• **Exercise prompt**: Before writing anything, find the line that contains "而今年的春节,同样的是万人空", then retype the entries below exactly from their first line through that one, without pictures.
**********
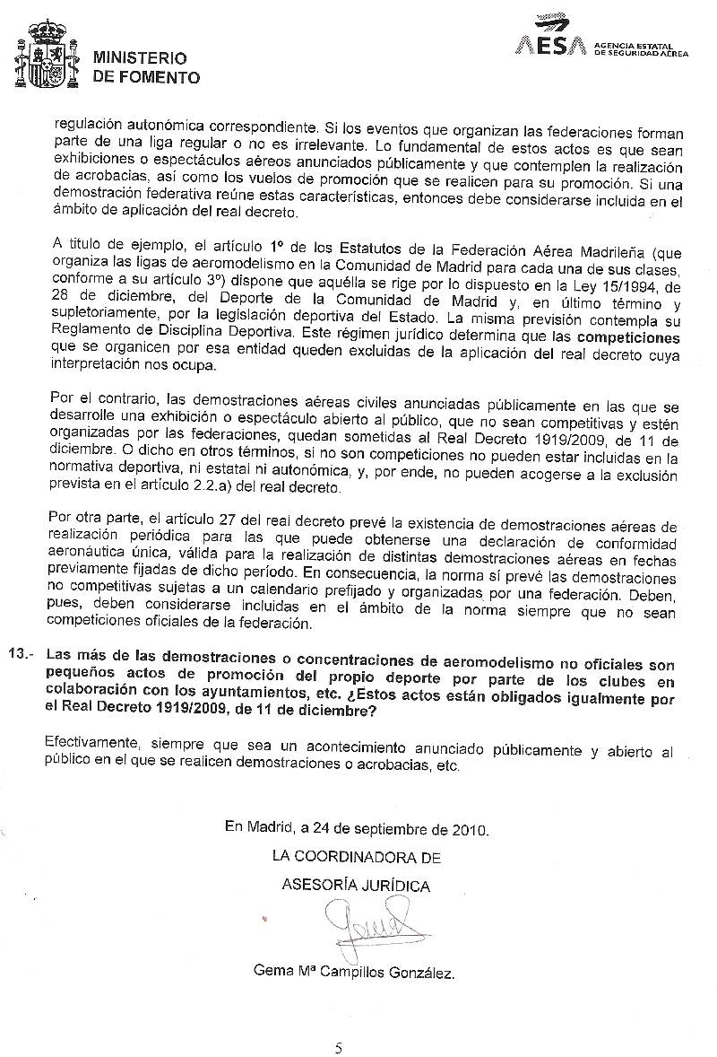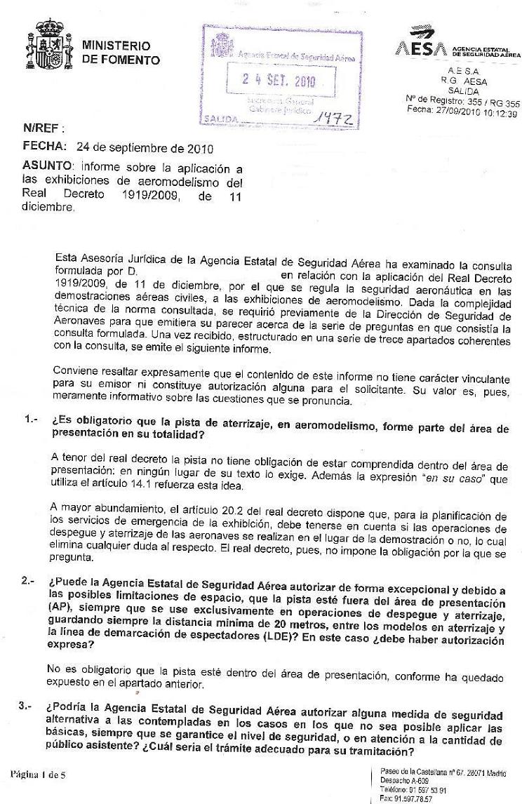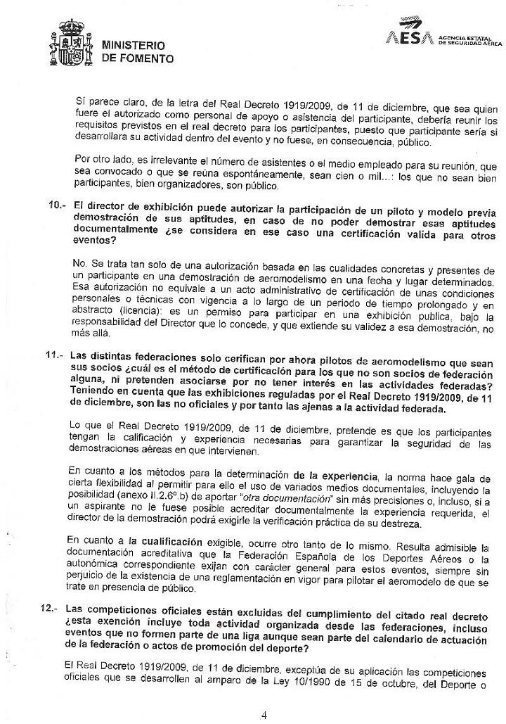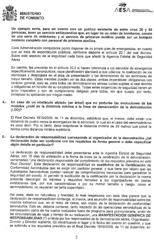 Sr. Perez, tiene usted todo el derecho del mundo a interpretar el documento de AESA como crea conveniente, tiene usted todo el derecho a actuar de la forma que mejor crea, ese documento es un conjunto de respuestas a ciertas preguntas relacionadas con la aplicacion del Real Decreto 1919/2009 y se ha preguntado a quien hemos creido conveniente, a quien se encarga de la seguridad aerea en este pais, a quien hay que informar de cualquier exhibicion de aeromodelismo con presencia de publico, a quien se encarga de aplicar el Real Decreto 1919/2009...pero como ya he dicho, usted es totalmente libre de no dar la mas minima validez a lo reflejado en ese documento, es cosa suya.
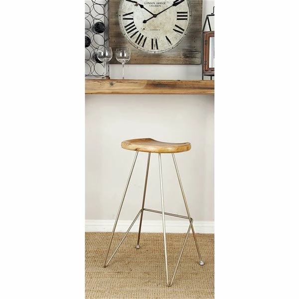 - This bar stool chair carries a reliable combination of wood and iron
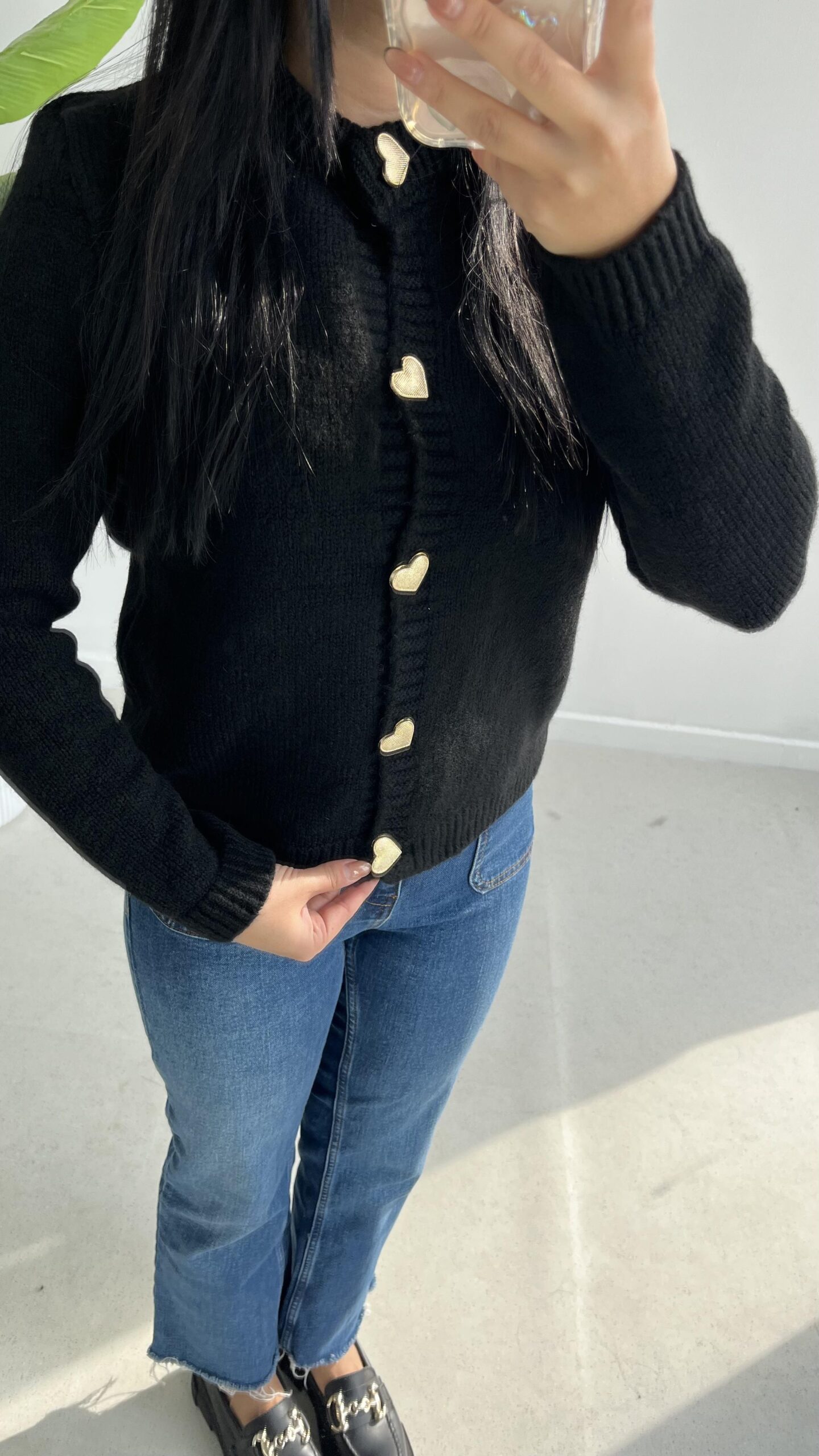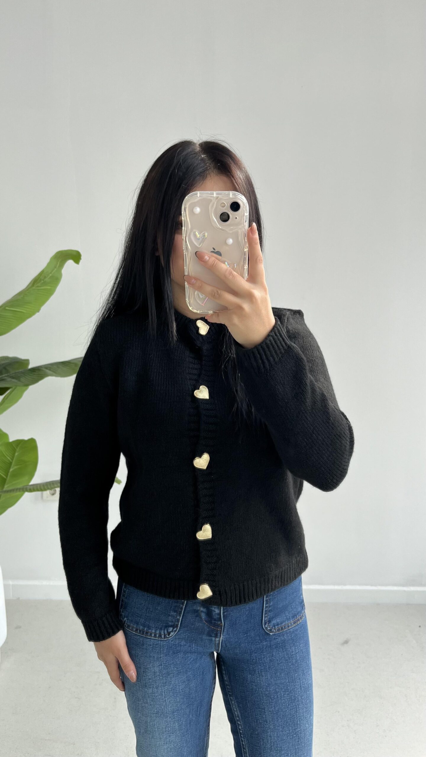 Gold Kalp Düğmeli Triko Hırka – Siyah
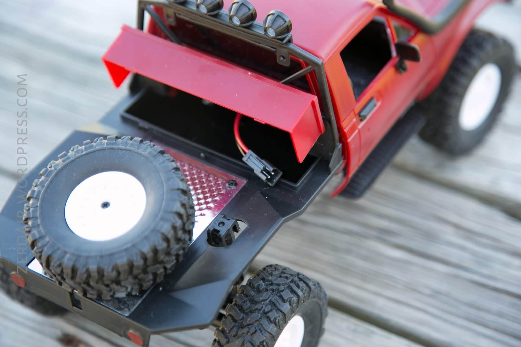 The battery lives in the “toolbox area” of the truck. This little door flips up easily, and the two-prong male end of the connector is loose inside. This door did seem to be sturdy, but it is not waterproof.
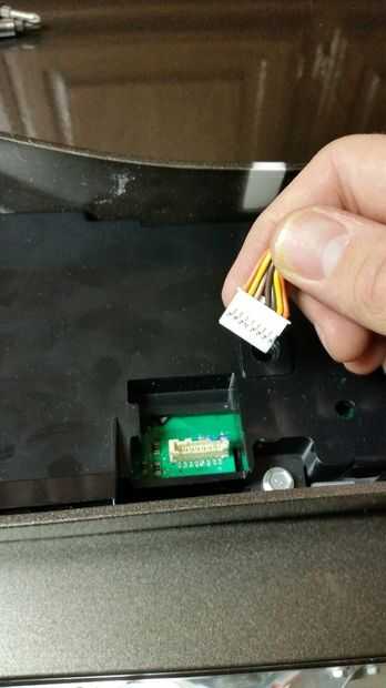 Después se quitan los tornillos, se retira el panel frontal tirando hacia arriba en el panel de la derecha. Esto Desenclave la grapa de la cabeza del perno y el retiro. Voltee el panel sobre y pone en la parte superior de la lavadora, retire el conector de cables y entonces apartar el panel.
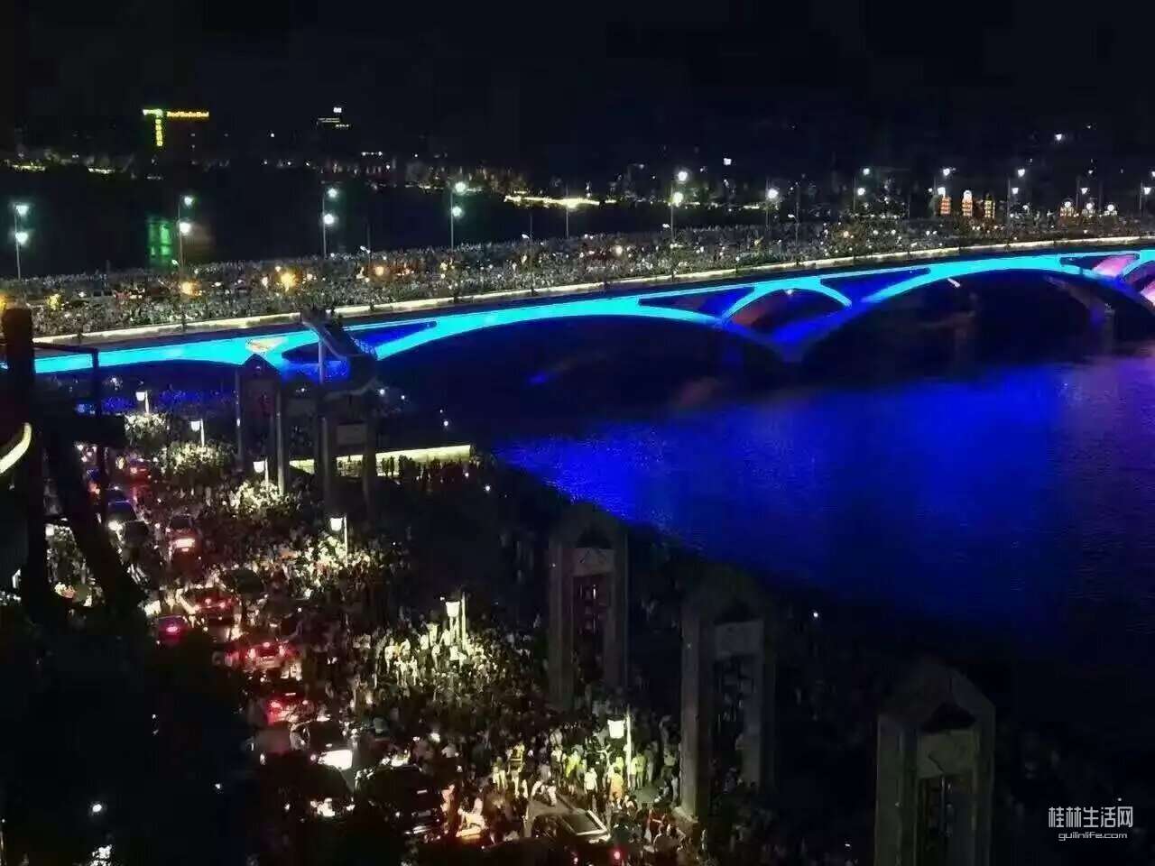 而今年的春节,同样的是万人空巷,不同的是表演换成了无人机表演,不过热闹的桂林依然存在。
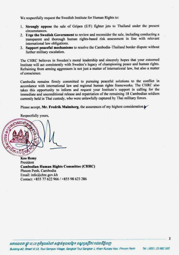 Cambodian Human Rights Committee (CHRC) has sent a letter to the Swedish Institute for Human Rights, requesting the latter to urge the Swedish Government to review Griper (E/F) fighter jet sale to Thailand to uphold human rights principles.
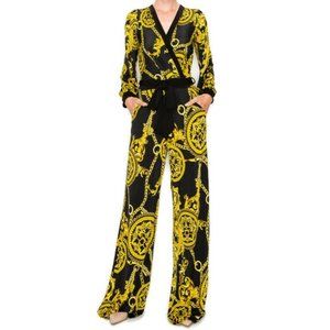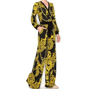 Black Gold Chain Bell Long Sleeve V-neck Jumpsuit
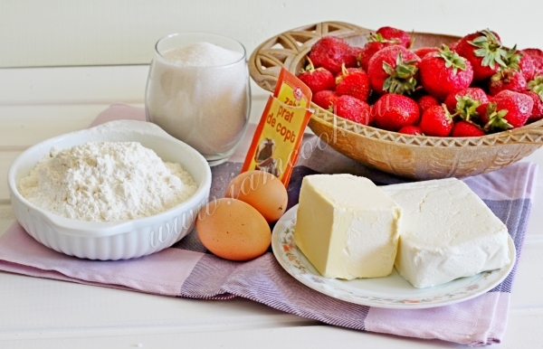 Для приготовления нам понадобится мука, яйца, клубника, сахар, творог обычный, разрыхлитель и ванилин, сливочное масло.
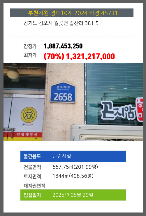 사건번호 2024 타경 45731 본건은 경기도 김포시 월곶면 갈산리 381-5소재하는 근린시설경매 물건의 포스팅입니다. 건물면적 [ 667.75㎡ (201.99평) ]토지면적 [ 1344㎡ (406.56평) ] 시세를 반영한 감정가
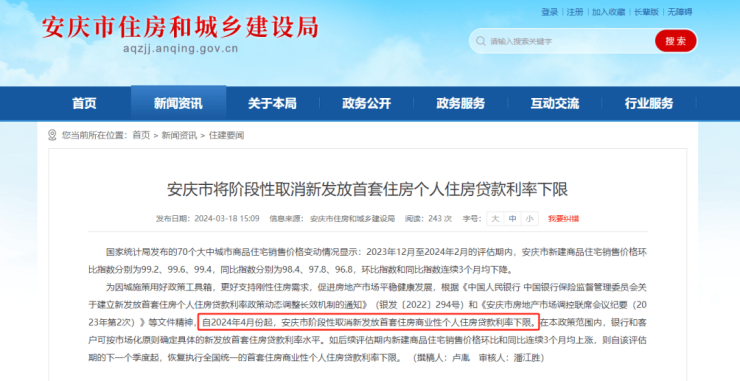 安徽安庆宣布自2024年4月份起,阶段性取消新发放首套住房商业性个人住房贷款利率下限。
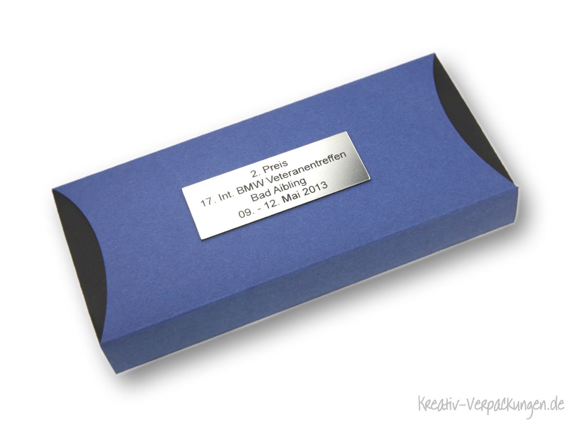 Hübsch verpackt zum Überreichen liegt es sicher auf einer passgenauen Kartoneinlage in der NewBox24.de Schiebebox aus blauem Karton.
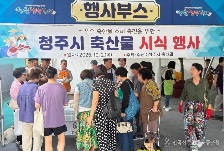 전국신문언론노동조합 강찬희 기자 | 청주시는 2일 청원생명축제 축산물판매장에서 축산물 소비촉진을 위한 시식 행사를 열고 축제 관람객을 대상으로 지역 생산 축산물의 우수성을 홍보했다.
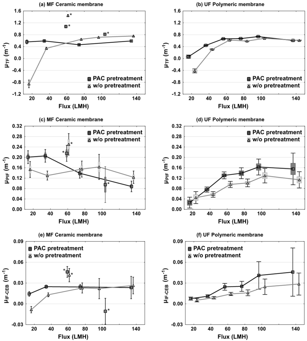 Fouling coefficients of MF ceramic membranes (a,c,e) and UF polymeric membranes (b,d,f) fed with and without PAC pretreated water (black and grey distributions respectively). Markers indicate arithmetic means, boxes represent standard errors and whiskers illustrate the 95% confidence interval. * indicate the three outlier conditions due to improper CIP.
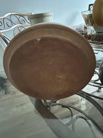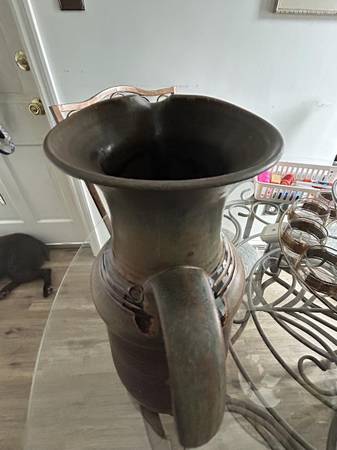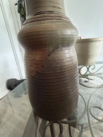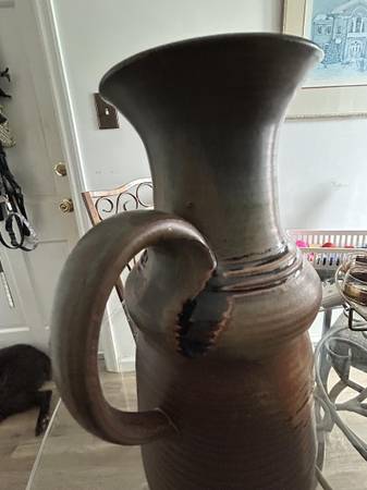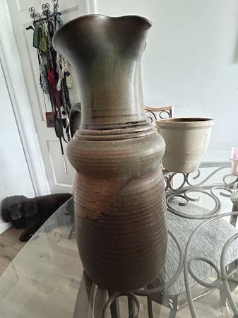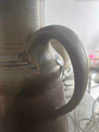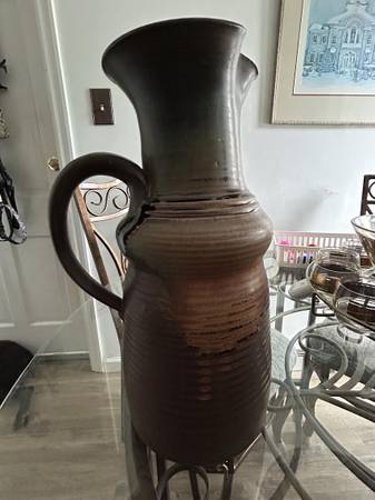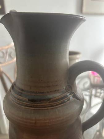 Gallucci Signed Ceramic Handled Pitcher featuring a ridged boy with a single handle and a flared spout. The surface displays an earthy glaze with tones of brown & green, complemented by unique horizontal striations Signature is inscribed on base. 12" tall
**********
• **Expected output**:
 Sr. Perez, tiene usted todo el derecho del mundo a interpretar el documento de AESA como crea conveniente, tiene usted todo el derecho a actuar de la forma que mejor crea, ese documento es un conjunto de respuestas a ciertas preguntas relacionadas con la aplicacion del Real Decreto 1919/2009 y se ha preguntado a quien hemos creido conveniente, a quien se encarga de la seguridad aerea en este pais, a quien hay que informar de cualquier exhibicion de aeromodelismo con presencia de publico, a quien se encarga de aplicar el Real Decreto 1919/2009...pero como ya he dicho, usted es totalmente libre de no dar la mas minima validez a lo reflejado en ese documento, es cosa suya.
 - This bar stool chair carries a reliable combination of wood and iron
 Gold Kalp Düğmeli Triko Hırka – Siyah
 The battery lives in the “toolbox area” of the truck. This little door flips up easily, and the two-prong male end of the connector is loose inside. This door did seem to be sturdy, but it is not waterproof.
 Después se quitan los tornillos, se retira el panel frontal tirando hacia arriba en el panel de la derecha. Esto Desenclave la grapa de la cabeza del perno y el retiro. Voltee el panel sobre y pone en la parte superior de la lavadora, retire el conector de cables y entonces apartar el panel.
 而今年的春节,同样的是万人空巷,不同的是表演换成了无人机表演,不过热闹的桂林依然存在。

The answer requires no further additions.